I am not talking about one section spread over multiple APP1, but some images have several small XMP sections.
Replies (5)
RE: Multiple XMP sections - Added by Robin Mills about 5 years ago
I'm not sure that I understand what you mean by "one section". The version of XMPsdk embedded in Exiv2 does not support "Extended" XMP. You can dump the structure of the JPG with the command: $ exiv2 -pS path-to-image You can extract the XMP with the command: $ exiv2 -pX path-to-image > foo.xml The code for -pX is independent of XMPsdk and extracts Extended XMP.
Normally there is only a single APP1/xmp segment in a JPG.
549 rmills@rmillsmbp:~/gnu/exiv2/trunk $ exiv2 -pS test/data/exiv2-bug1026.jpg
STRUCTURE OF JPEG FILE: test/data/exiv2-bug1026.jpg
address | marker | length | data
0 | 0xffd8 SOI
2 | 0xffe0 APP0 | 16 | JFIF.....,.,....
20 | 0xffe1 APP1 | 12807 | Exif..MM.*......................

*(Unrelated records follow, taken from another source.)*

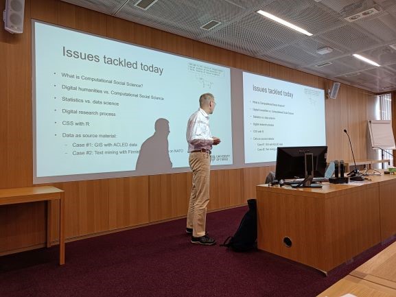 The second and third day of the workshop were organized at the University of Helsinki, Kaisa-library premises, and days’ agenda was focused on exploring new data analytical tools and methods for studying Russia and security related themes. First, Senior Research Fellow Kimmo Elo introduced computational social science research process and presented two research projects: basics of geospatial visualizations and analysis with R) and text mining of Finnish Parliament debates on NATO, 1950-2022. Second, professor Adam N. Stulberg presented the RuBase project that develops a new knowledge platform for scholars of International Relations and U.S./European-Eurasian relations. It is comprised of a comprehensive, Russia-specific corpora of material related to the country’s evolving discourse, strategies, policies, and international outcomes. It supports a set of tutorials related to computational approaches, methods and tools that can be accessed to query and extract empirically rich and analytically rigorous insight. Thirdly, Stephan de Spiegeleire (HCSS) explained the pros and cons of bibliometrics versus full text natural language processing (NLD/LLM). Specifically, the presentation addressed the question of whether LLM are in many ways much easier, accessible and powerful than more traditional NLP. Additionally, the use of LLM’s was showcased in the context of framing a research topic (example of taxonomy). During both days, students presented their research projects, followed-up by discussions on how to use new data-analysis themes.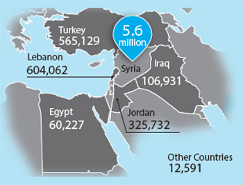 シリア危機:避難民などの数(2014年12月13日時点)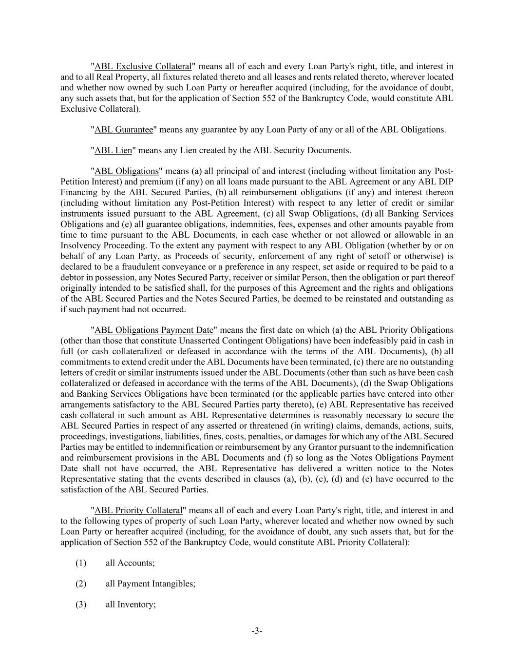 -3- "ABL Exclusive Collateral" means all of each and every Loan Party's right, title, and interest in and to all Real Property, all fixtures related thereto and all leases and rents related thereto, wherever located and whether now owned by such Loan Party or hereafter acquired (including, for the avoidance of doubt, any such assets that, but for the application of Section 552 of the Bankruptcy Code, would constitute ABL Exclusive Collateral). "ABL Guarantee" means any guarantee by any Loan Party of any or all of the ABL Obligations. "ABL Lien" means any Lien created by the ABL Security Documents. "ABL Obligations" means (a) all principal of and interest (including without limitation any Post- Petition Interest) and premium (if any) on all loans made pursuant to the ABL Agreement or any ABL DIP Financing by the ABL Secured Parties, (b) all reimbursement obligations (if any) and interest thereon (including without limitation any Post-Petition Interest) with respect to any letter of credit or similar instruments issued pursuant to the ABL Agreement, (c) all Swap Obligations, (d) all Banking Services Obligations and (e) all guarantee obligations, indemnities, fees, expenses and other amounts payable from time to time pursuant to the ABL Documents, in each case whether or not allowed or allowable in an Insolvency Proceeding. To the extent any payment with respect to any ABL Obligation (whether by or on behalf of any Loan Party, as Proceeds of security, enforcement of any right of setoff or otherwise) is declared to be a fraudulent conveyance or a preference in any respect, set aside or required to be paid to a debtor in possession, any Notes Secured Party, receiver or similar Person, then the obligation or part thereof originally intended to be satisfied shall, for the purposes of this Agreement and the rights and obligations of the ABL Secured Parties and the Notes Secured Parties, be deemed to be reinstated and outstanding as if such payment had not occurred. "ABL Obligations Payment Date" means the first date on which (a) the ABL Priority Obligations (other than those that constitute Unasserted Contingent Obligations) have been indefeasibly paid in cash in full (or cash collateralized or defeased in accordance with the terms of the ABL Documents), (b) all commitments to extend credit under the ABL Documents have been terminated, (c) there are no outstanding letters of credit or similar instruments issued under the ABL Documents (other than such as have been cash collateralized or defeased in accordance with the terms of the ABL Documents), (d) the Swap Obligations and Banking Services Obligations have been terminated (or the applicable parties have entered into other arrangements satisfactory to the ABL Secured Parties party thereto), (e) ABL Representative has received cash collateral in such amount as ABL Representative determines is reasonably necessary to secure the ABL Secured Parties in respect of any asserted or threatened (in writing) claims, demands, actions, suits, proceedings, investigations, liabilities, fines, costs, penalties, or damages for which any of the ABL Secured Parties may be entitled to indemnification or reimbursement by any Grantor pursuant to the indemnification and reimbursement provisions in the ABL Documents and (f) so long as the Notes Obligations Payment Date shall not have occurred, the ABL Representative has delivered a written notice to the Notes Representative stating that the events described in clauses (a), (b), (c), (d) and (e) have occurred to the satisfaction of the ABL Secured Parties. "ABL Priority Collateral" means all of each and every Loan Party's right, title, and interest in and to the following types of property of such Loan Party, wherever located and whether now owned by such Loan Party or hereafter acquired (including, for the avoidance of doubt, any such assets that, but for the application of Section 552 of the Bankruptcy Code, would constitute ABL Priority Collateral): (1) all Accounts; (2) all Payment Intangibles; (3) all Inventory;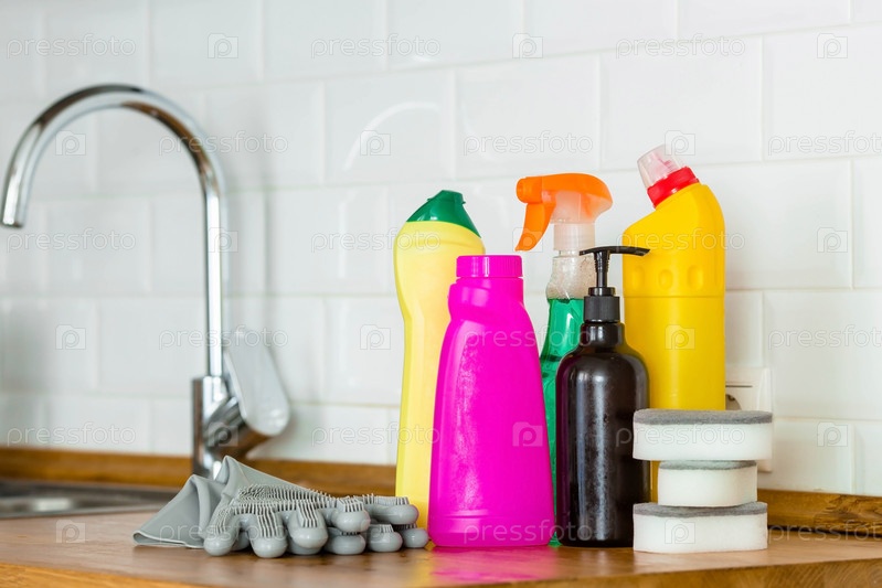 Чистящие средства на деревянном столе с размытым фоном современной кухни. Красочный набор для стирки с копировальным местом для текста

12829 | 0xffe1 APP1 | 3448 | http://ns.adobe.com/xap/1.0/.<?x
16279 | 0xffdb DQT | 67
16348 | 0xffdb DQT | 67
16417 | 0xffc2 SOF2 | 17
16436 | 0xffc4 DHT | 28
16466 | 0xffc4 DHT | 26
16494 | 0xffda SOS
550 rmills@rmillsmbp:~/gnu/exiv2/trunk $ With "Extended XMP", the signature of the additional segments is different:STRUCTURE OF JPEG FILE: exiv2-bug922.jpg
address | marker | length | data
0 | 0xffd8 SOI
2 | 0xffe1 APP1 | 911 | Exif..MM.*.......%.........#....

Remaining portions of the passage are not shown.